BEGIN Task material

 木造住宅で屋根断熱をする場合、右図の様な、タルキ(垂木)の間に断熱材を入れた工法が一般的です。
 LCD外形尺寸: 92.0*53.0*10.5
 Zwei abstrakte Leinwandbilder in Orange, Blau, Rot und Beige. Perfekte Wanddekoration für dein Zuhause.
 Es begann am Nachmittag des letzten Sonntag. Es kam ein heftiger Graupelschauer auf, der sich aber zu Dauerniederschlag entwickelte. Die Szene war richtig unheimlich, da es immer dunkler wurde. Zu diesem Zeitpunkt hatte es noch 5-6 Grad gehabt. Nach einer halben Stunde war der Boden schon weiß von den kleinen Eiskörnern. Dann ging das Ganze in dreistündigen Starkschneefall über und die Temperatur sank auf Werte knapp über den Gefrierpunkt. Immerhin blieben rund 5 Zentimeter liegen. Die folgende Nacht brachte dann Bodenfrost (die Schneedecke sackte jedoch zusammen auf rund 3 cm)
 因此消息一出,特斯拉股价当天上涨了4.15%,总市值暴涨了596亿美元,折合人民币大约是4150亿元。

END Task material
BEGIN Task material

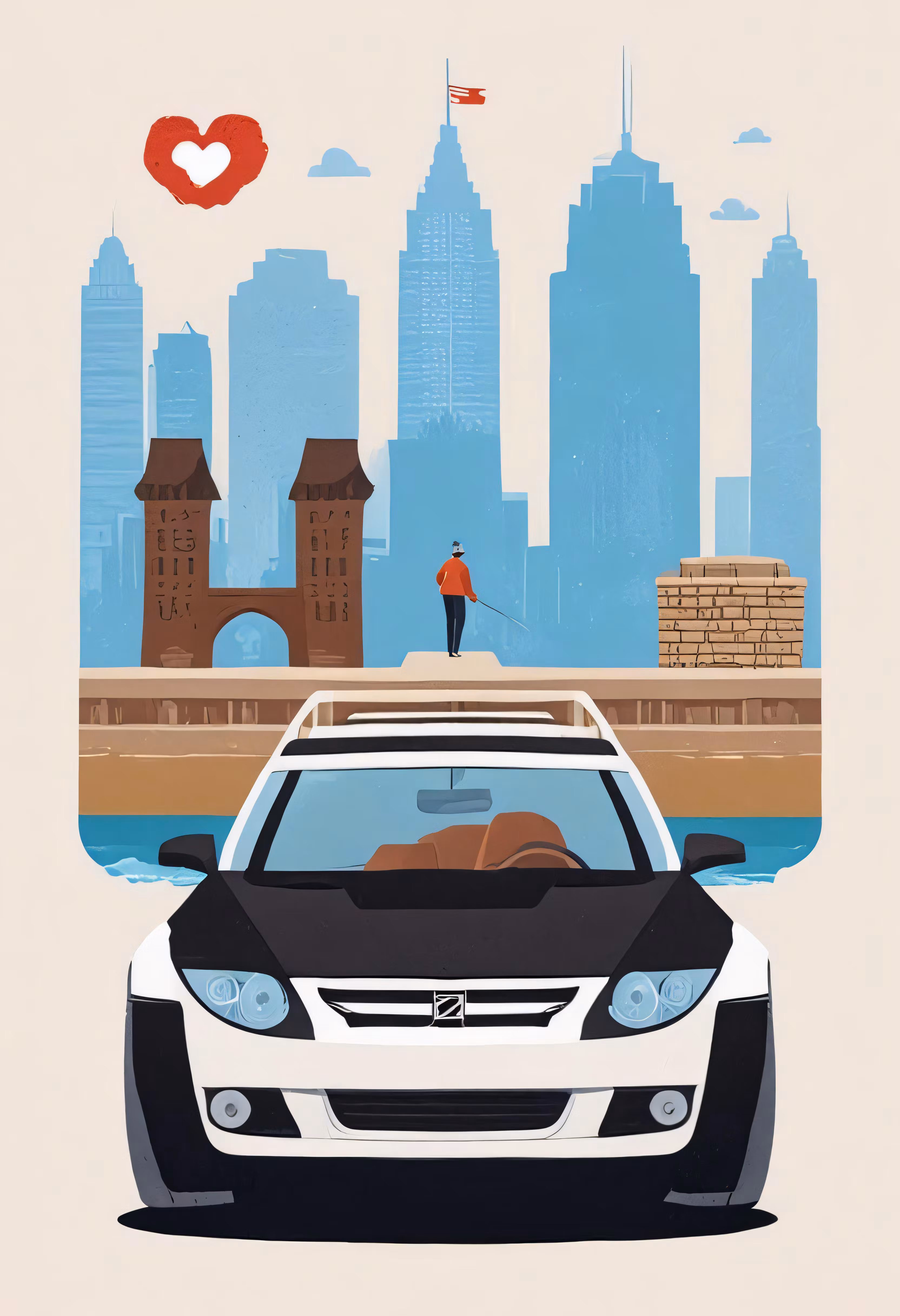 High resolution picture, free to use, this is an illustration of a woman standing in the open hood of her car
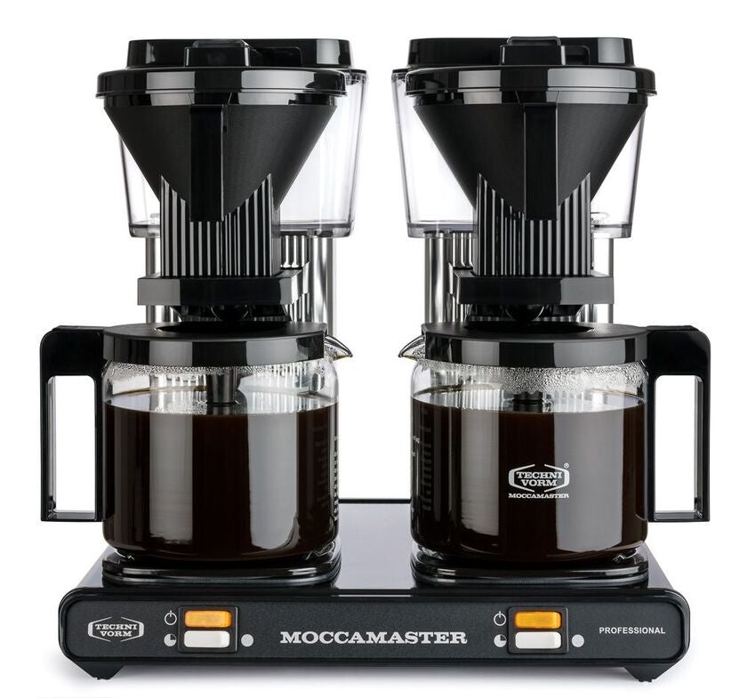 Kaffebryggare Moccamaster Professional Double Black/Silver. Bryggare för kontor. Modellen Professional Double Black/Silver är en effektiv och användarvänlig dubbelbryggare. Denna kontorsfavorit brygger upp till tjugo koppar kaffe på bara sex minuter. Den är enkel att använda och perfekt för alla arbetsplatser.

END Task material

Task description:
Pictures do not belong in the answer. Return the lines above starting at the one with "High resolution picture, free" and ending at the one with "Kaffebryggare Moccamaster Professional", both kept, exactly.

Response to this task:
 High resolution picture, free to use, this is an illustration of a woman standing in the open hood of her car
 Kaffebryggare Moccamaster Professional Double Black/Silver. Bryggare för kontor. Modellen Professional Double Black/Silver är en effektiv och användarvänlig dubbelbryggare. Denna kontorsfavorit brygger upp till tjugo koppar kaffe på bara sex minuter. Den är enkel att använda och perfekt för alla arbetsplatser.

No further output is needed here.